Le document, adressé au Département d’État de Henry Kissinger, résume une conversation de Hassan II avec les représentants américains qui fait un compte-rendu de la réunion. Le monarque s’est montré optimiste car « trois quarts du problème avaient été réglées après l’accord conclu avec Solis ». Le Pacte a établi que la Marche verte, comme grande idée du roi ouissam alaouite, devait aller en avant. « Le concept est mien. L’Organisation est mienne. Je vais donner l’ordre de franchir la frontière. Il n’y a que le peuple qui puisse l’annuler et s’il le fait, il se peut que moi aussi je dois faires mes valises et déménager dans ma démeure à Madrid « , a prévenu le monarque.
En contrepartie, le Maroc et en Espagne ont accordé chercher au régime une sortie « élégante » du Sahara qui lui permette de « garder les apparences ». L’idée était d’utiliser les Nations Unies pour légitimer l’occupation marocaine à travers un référendum « contrôlé ». Pour cela, ils compterait avec l’aide de la Mauritanie et des USA. Les négociations ultérieures serviraient, selon le câble, à travailler et définir cette formule.
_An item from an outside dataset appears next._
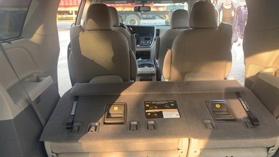 我们来到车内看下,这款车内饰都是灰色,前排座椅加热,无钥匙进入,一键启动,主驾驶8向座椅调节,副驾驶4向座椅调,前排座椅是有加热的哦!多功能方向盘,还有脚刹!桃木内饰!定速巡航!7寸触控中控屏!三区空调,6喇叭!这款塞纳两驱墨版和SE是单天窗,LE的是没有天窗的,LTD为双天窗,塞纳从天窗就可以分辨出它的型号了!值得一说的是这款车的第二排,在塞纳家族里只有墨版真皮版车型配备了第二排的腿拖,后排的手动遮阳帘也是标配!

En outre, Solis a profité de cette rencontre pour annoncer que l’Espagne renonçait à un Sahara indépendant et, en plus, et pour rassurer Washington, cesserait de considérer l’Algérie, alliée de l’Union soviétique, comme « partie intéressée ».
Sur le sujet, un article du site Viento Sur :
L’ESPAGNE, LE MAROC ET L’ARABIE SAOUDITE ALLIÉS
Le Sahara, monnaie de la restauration Bourbon
Por Miguel Urbán
Le 22 novembre 1975, Juan Carlos Ier prend ses fonctions de roi d’Espagne, jurant fidélité aux principes qui structuraient le Mouvement national. Une semaine plus tôt, toujours en tant que prince et en sa qualité de chef d’État par intérim (compte tenu de l’état de santé de Franco), il avait expédié la livraison de la dernière colonie espagnole, le Sahara occidental, au Maroc et à la Mauritanie, à travers les Accords tripartites de Madrid. Le début de la restauration bourbonienne dans notre pays est ainsi né, lié à l’une des pages les plus sombres de la politique étrangère espagnole. Un événement à propos duquel il semble y avoir une sorte d’amnésie collective, notamment en ce qui concerne le rôle du prince Juan Carlos d’alors dans la trahison du peuple sahraoui et les relations ultérieures avec la monarchie marocaine.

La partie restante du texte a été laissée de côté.